**Task prompt:** I'd like the listing below copied exactly, with the images left out.

**Dataset extract:**
•••••
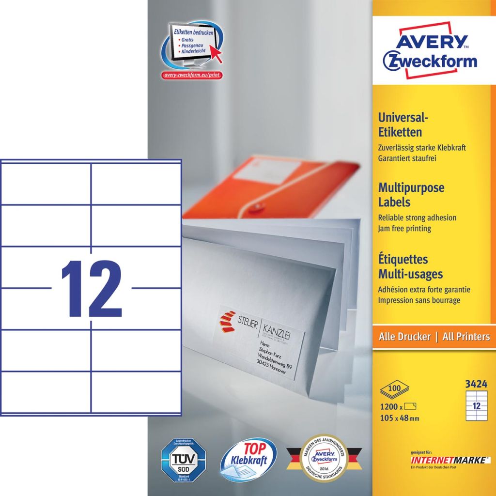 - Specificaties: Quickpeel: eenvoudig etiketten verwijderen van het blad Voor kopieermachines, laser- en inkjetprinters Met rechte hoeken Ft 21 x 29,7 cm (A4) FSC-gecertificeerd ft 105 x 48 mm, 1.200 stuks, 12 per vel, doos van 100 vel
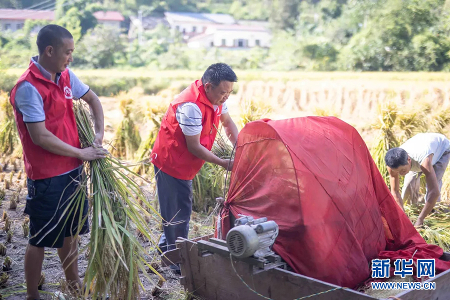 在潼南区,乡村振兴驻村干部顶着烈日,帮助当地村民收割水稻、打谷子。新华网 发
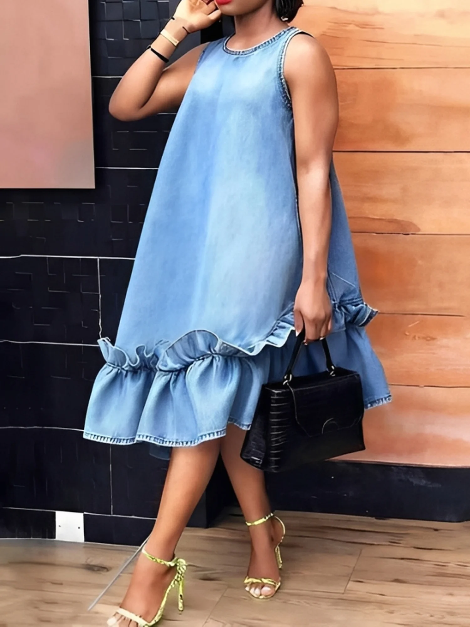 Denim Urban Plain Peplum Crew Neck Midi Dress
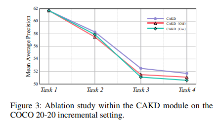 CAKD 双教师架构最优:早期阶段"仅当前教师"适配新类别更快,后期"仅旧教师"保留知识更优,双教师融合始终表现最佳。
•••••
**Exercise answer:**
 - Specificaties: Quickpeel: eenvoudig etiketten verwijderen van het blad Voor kopieermachines, laser- en inkjetprinters Met rechte hoeken Ft 21 x 29,7 cm (A4) FSC-gecertificeerd ft 105 x 48 mm, 1.200 stuks, 12 per vel, doos van 100 vel
 在潼南区,乡村振兴驻村干部顶着烈日,帮助当地村民收割水稻、打谷子。新华网 发
 Denim Urban Plain Peplum Crew Neck Midi Dress
 CAKD 双教师架构最优:早期阶段"仅当前教师"适配新类别更快,后期"仅旧教师"保留知识更优,双教师融合始终表现最佳。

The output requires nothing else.